The FFM, on the other hand, determined that the naval blockade was an integral part of the closure of Gaza intensified by Israel shortly after Hamas took control in the summer of 2007.
Blocking ships from reaching Gaza – including by preventing the construction of a deep sea port – was seen as part and parcel of Israel’s enforcement of the overall closure policy. The FFM’s understanding of the blockade of Gaza is shared by most international law experts and international agencies, including the five independent UN experts, the ICRC, which in June 2010, just days after the Flotilla was intercepted, declared that “the closure constitutes a collective punishment imposed in clear violation of Israel’s obligations under international humanitarian law” and that the only sustainable solution is the lifting of the closure.
Concerning the use of force against the flotilla, the FFM stated: ”Insofar as the Israeli interception of the flotilla was unlawful – and the Mission considers that it was unlawful – the use of force by the Israeli forces in seizing control of the Mavi Marmara and other vessels was prima facie unlawful…” as was the detention of passengers and crew and the destruction or appropriation of passenger property. It found the confiscation of extensive video and photographic footage recorded by passengers was “a deliberate attempt by the Israeli authorities to destroy evidence” related to the interception.
The overall conclusion of the FFM was that “a series of violations of international law, including international humanitarian and human rights law were committed by the Israeli forces” and that, the victims of those violations have a right to an effective remedy.
About the only point of agreement between the two reports – therefore the only established finding of fact – is that Israel used excessive and unnecessary violence against passengers.

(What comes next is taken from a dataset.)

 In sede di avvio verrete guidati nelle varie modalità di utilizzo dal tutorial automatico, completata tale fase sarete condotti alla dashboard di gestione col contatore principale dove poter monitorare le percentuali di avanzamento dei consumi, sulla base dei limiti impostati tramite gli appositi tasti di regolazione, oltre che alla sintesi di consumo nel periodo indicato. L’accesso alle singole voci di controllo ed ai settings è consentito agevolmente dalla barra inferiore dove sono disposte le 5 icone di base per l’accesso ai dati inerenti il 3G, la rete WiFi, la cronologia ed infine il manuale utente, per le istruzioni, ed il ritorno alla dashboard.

Israel’s decision to board the vessels with such substantial force, causing loss of life and injuries, was, in the words of the Palmer/Uribe Panel “excessive and unreasonable,” “unacceptable.” However, the Panel simply expressed its dismay at Israel’s inability to provide “adequate explanation” for the nine deaths or and its failure to explain, “why force was used to the extent that it produced such high levels of injury.” The FFM, on the other hand, finding it “difficult not to conclude that once the order to use live fire had been given, no one was safe,” concluded that “there is clear evidence to support prosecutions of the following crimes: wilful killing; torture or inhuman treatment; wilfully causing great suffering or serious injury to body or health.”

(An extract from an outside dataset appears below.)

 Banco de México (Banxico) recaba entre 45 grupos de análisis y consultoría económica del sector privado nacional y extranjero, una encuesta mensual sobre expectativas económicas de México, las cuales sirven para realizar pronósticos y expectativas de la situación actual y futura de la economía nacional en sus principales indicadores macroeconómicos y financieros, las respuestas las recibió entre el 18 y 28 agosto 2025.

The Palmer/Uribe Panel found that “[t]here was significant mistreatment of passengers by Israeli authorities after the take-over of the vessels had been completed through until their deportation.” The FFM determined that the treatment of passengers on board the Mavi Marmara, and in certain instances on the other vessels and later in detention by the Israeli military and police personnel “amounted to cruel, inhuman and degrading treatment,” and constituted criminal behaviour.
Israeli guns and inhuman treatment did not deter us; misguided condemnation by politically-motivated UN reports will not either. In conclusion, we reject the recommendation of the Palmer/Uribe Panel that “all humanitarian missions wishing to assist the Gaza population should do so through established procedures and the designated land crossings in consultation with the Government of Israel and the Palestinian Authority.”
Freedom cannot come to Gaza through established Israeli procedures.